Abstract
Objectives
To evaluate national health care use and costs for pediatric acute pancreatitis.
Study design
The Kids’ Inpatient Database for 2006, 2009, and 2012 was queried for patients with a principal diagnosis of acute pancreatitis. Cases were grouped by age: preschool (<5 years of age), school age (5–14 years of age), and adolescents (>14 years of age).
Results
A total of 27 983 discharges for acute pancreatitis were found. The number of admissions increased with age: young n = 1279, middle n = 8012, and older n = 18 692. Duration of stay was highest in preschool children (median, 3.47 days; IQR, 2.01–7.35), compared with school age (median, 3.22 days; IQR, 1.81–5.63) and adolescents (median, 2.87 days; IQR, 1.61–4.81; P < .001). The median cost of hospitalization varied with age: $6726 for preschoolers, $5400 for school-aged children, and $5889 for adolescents (P < .001). Acute pancreatitis–associated diagnoses varied by age. The presence of gallstone pancreatitis, alcohol, and hypertriglyceridemia was more common among older children compared with younger children (P < .001). There was an increasing trend in acute pancreatitis, chronic pancreatitis, and obesity for the 2 older age groups (P < .001).
Conclusion
Admission of children for acute pancreatitis constitutes a significant healthcare burden, with a rising number of admissions with age. However, the cost and duration of stay per admission are highest in young children.

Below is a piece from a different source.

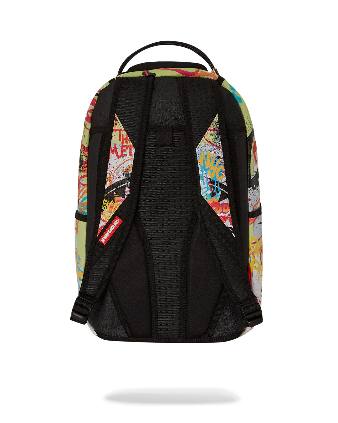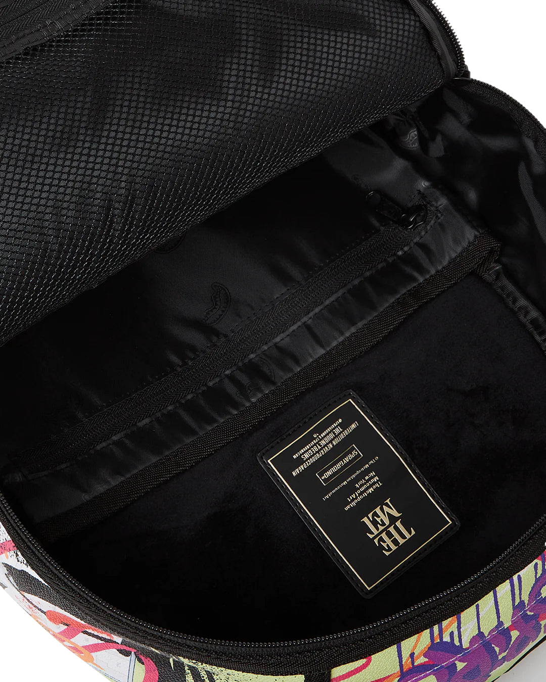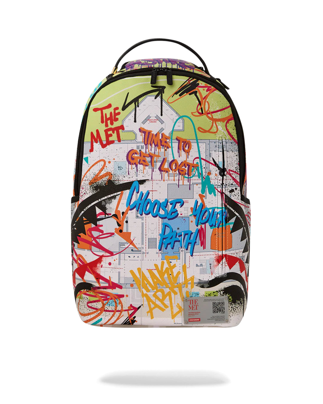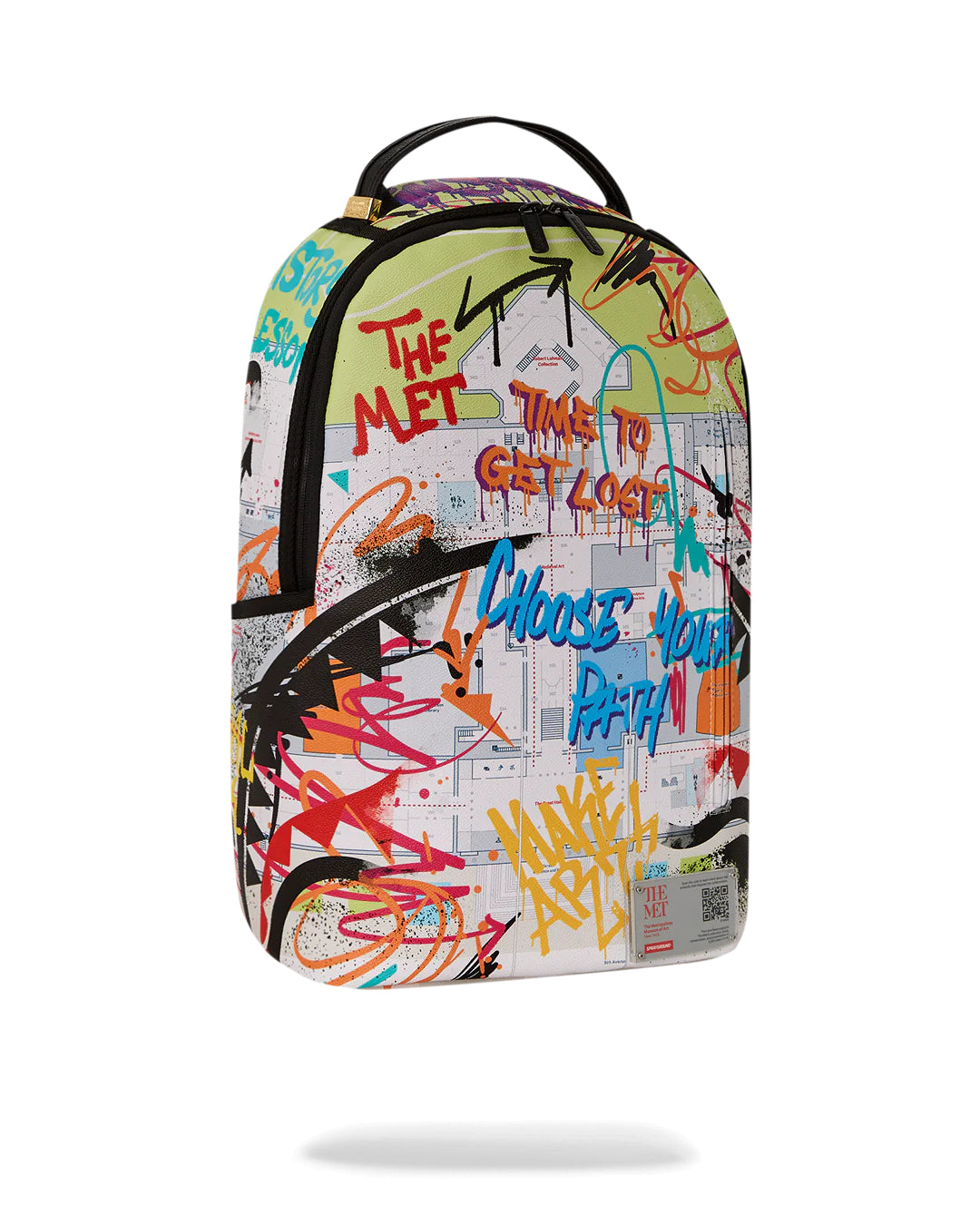 A map of The Met gets a contemporary makeover courtesy of Sprayground. This backpack displays the Museum’s blueprint customized with graffiti-like “sprays” of bold color and Sprayground’s signature shark mouth.

Acute pancreatitis in children is increasingly recognized and growing in incidence.1,2 An estimated incidence of 1 in 10 000 cases occur in children based on single-center studies.2 Factors that have led to the increasing incidence in children are not fully understood. Although the majority of acute pancreatitis attacks are self-limited, with spontaneous resolution, a subset of patients progress to severe acute pancreatitis with morbidity in up to 25% and mortality in about 0.5%.3–6
Signs and symptoms of acute pancreatitis differ in younger children as compared with older children.7 We hypothesized that pediatric acute pancreatitis constitutes a significant healthcare burden, and that age affects acute pancreatitis risk factors as well as healthcare use and outcomes in the pediatric population. We further hypothesized that obesity and chronic pancreatitis have important impacts on these trends. There are limited studies that characterize the hospital course, inpatient procedures, clinical outcomes, mortality, and disease burden in children with acute pancreatitis.8–10 Current published studies lack information about the national health care use for children with acute pancreatitis, because most studies are single center and retrospective in nature.7
We analyzed data from the Kids’ Inpatient Database (KID) on admissions for acute pancreatitis and describe factors that impact trends, healthcare use, and disease outcome in the US. We also evaluated patient characteristics and comorbid conditions of children with acute pancreatitis and their outcomes as they relate to age.
Methods
The KID is part of a family of databases and software tools developed for the Healthcare Cost and Utilization Project (HCUP) (https://www.hcup-us.ahrq.gov/overview.jsp). KID is the largest publicly available, all-payer pediatric inpatient care database in the US covering patient data from 44 states, yielding national estimates of hos pital inpatient stays in children. HCUP inpatient data are based on administrative data and discharge abstracts created by hospitals for billing. The KID is a sample of pediatric discharges from hospitals in states participating in HCUP. Pediatric discharges are defined as all discharges where the patient was ≤20 years of age at admission.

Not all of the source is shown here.